There is an emergent consensus among policy makers, scholars, economic, social and cultural actors about the fact that creativity not only produces desirable experiences and qualities, but also engender the sorts of significant changes that are integral to innovation (Baumol 2006, Pratt, 2007, 2008; Cooke and Lazzeretti, 2008; Potts 2009, Bakshi & McVittie, 2009; Muller et al., 2009). Consequently, a host of policy-makers have promoted instruments over the course of the last decade, which are geared towards fostering the development of the cultural and creative sectors and which have innovation as their planned outcome (European Commission, 2009; European Commission, 2010b and 2012; Council of the European Union, 2015). The rationale, here, is that there is a direct causal link between investing in creativity and innovation.
This paper is problematizing this causality and argued that it cannot be taken as axiomatic. It raised the question of what constitutes the type of (institutional) change that promotes radical innovation or even a paradigm shift in a knowledge domain (Kuhn, 1996) and beyond, as well as considering how (creative) individuals, communities, or even an entire society can understand and cope with these changes.
One of the limitations of extant theories on (cultural) innovation is that they do not account for cultural shifts, and, at best, can only be said to touch upon social shifts. Instead this paper first, argues and illustrates that these theories must address this lacuna and seek to incorporate cultural and social changes as being important signals of qualitative changes.
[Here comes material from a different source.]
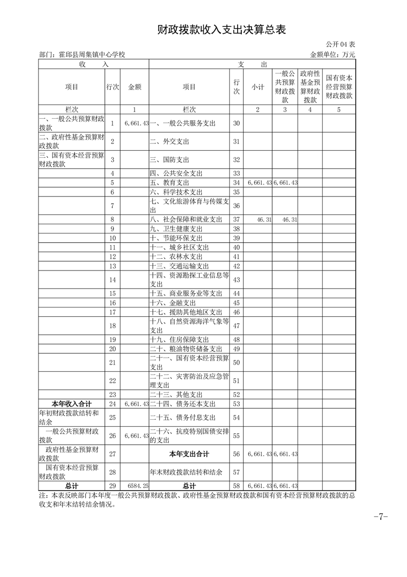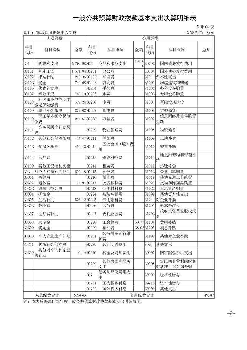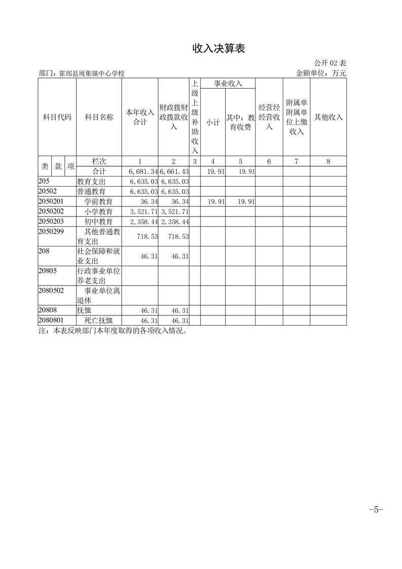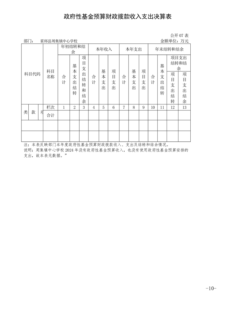 霍邱县周集镇中心学校 2024 年度单位决算
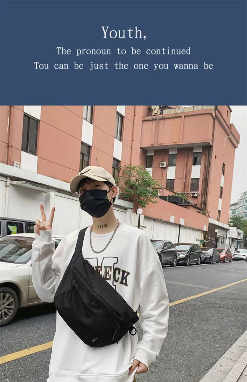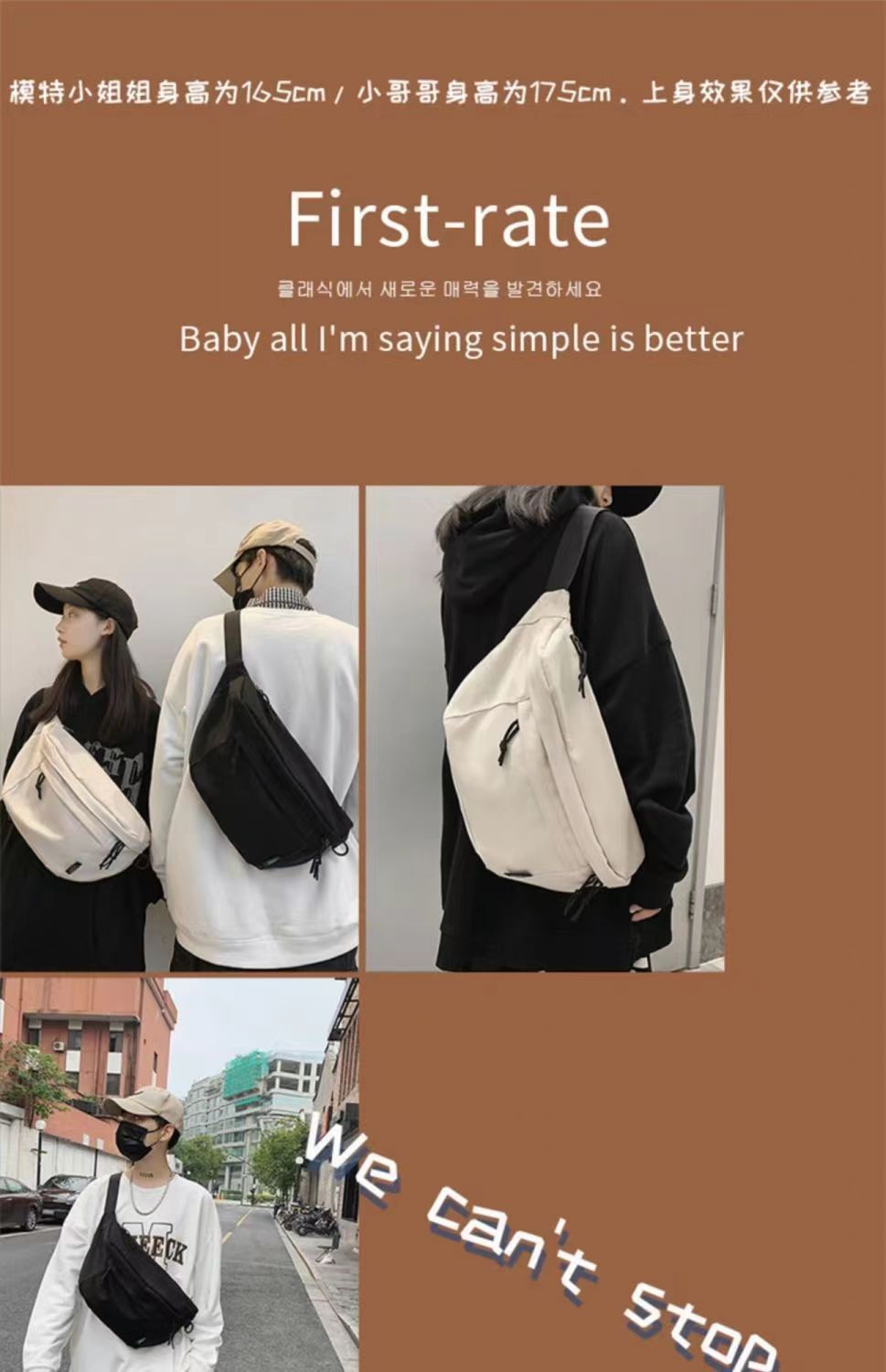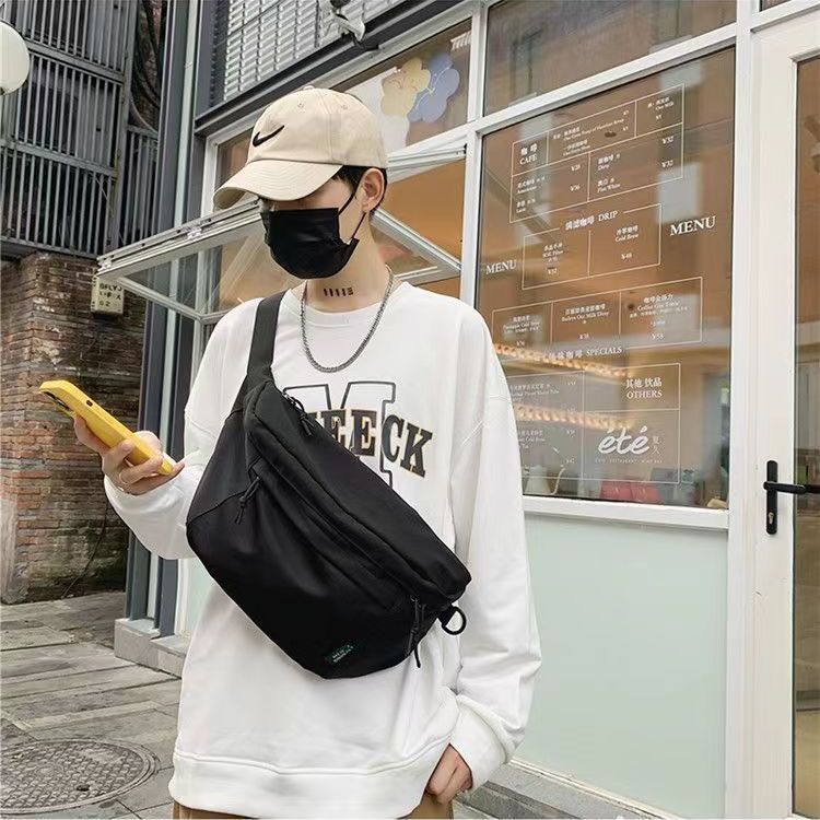 斜挎包大学生上课运动大容量男包胸包休闲潮流单肩日系腰包纯色

The arguments here build on the Kuhn’s (1962/1996) paradigm shift in a knowledge domain in conjunction with the notion of innovation introduced by Schumpeter (1975) and social-psychology perspectives of the “transformational power” of creativity (Amabile, 1983; Csikszentmihalyi, 1996).
Once the cultural and social embeddedness of the (cultural) innovation is established, the paper proposes a comprehensive framework based on value-based approach (VBA) that allows to analyse those cultural and social changes (Klamer, 2017).
In order to be able to make sense of the dynamic process of value formations, as well as the way they can yield transformations, the paper adopts the VBA to study different (cultural) valorisation practices within the visual arts and GLAM sector.